_PROBLEM DESCRIPTION_
Below are entries; output exactly the lines from the one with "Un archiviste et" to the one with "Lorsque les mesures", both included, and nothing else.

_EXTRACTED ENTRIES_
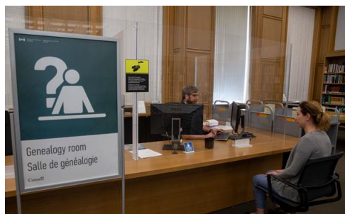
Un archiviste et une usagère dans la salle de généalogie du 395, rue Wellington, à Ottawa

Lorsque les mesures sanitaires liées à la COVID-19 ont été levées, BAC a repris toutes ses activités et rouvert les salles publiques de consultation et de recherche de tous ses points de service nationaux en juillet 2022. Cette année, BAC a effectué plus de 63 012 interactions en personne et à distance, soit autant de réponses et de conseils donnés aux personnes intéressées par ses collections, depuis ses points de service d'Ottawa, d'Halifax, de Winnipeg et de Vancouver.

...

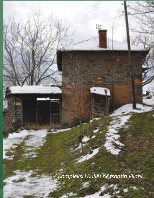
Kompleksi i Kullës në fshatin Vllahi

_ANSWER TO THIS EXERCISE_
Un archiviste et une usagère dans la salle de généalogie du 395, rue Wellington, à Ottawa

Lorsque les mesures sanitaires liées à la COVID-19 ont été levées, BAC a repris toutes ses activités et rouvert les salles publiques de consultation et de recherche de tous ses points de service nationaux en juillet 2022. Cette année, BAC a effectué plus de 63 012 interactions en personne et à distance, soit autant de réponses et de conseils donnés aux personnes intéressées par ses collections, depuis ses points de service d'Ottawa, d'Halifax, de Winnipeg et de Vancouver.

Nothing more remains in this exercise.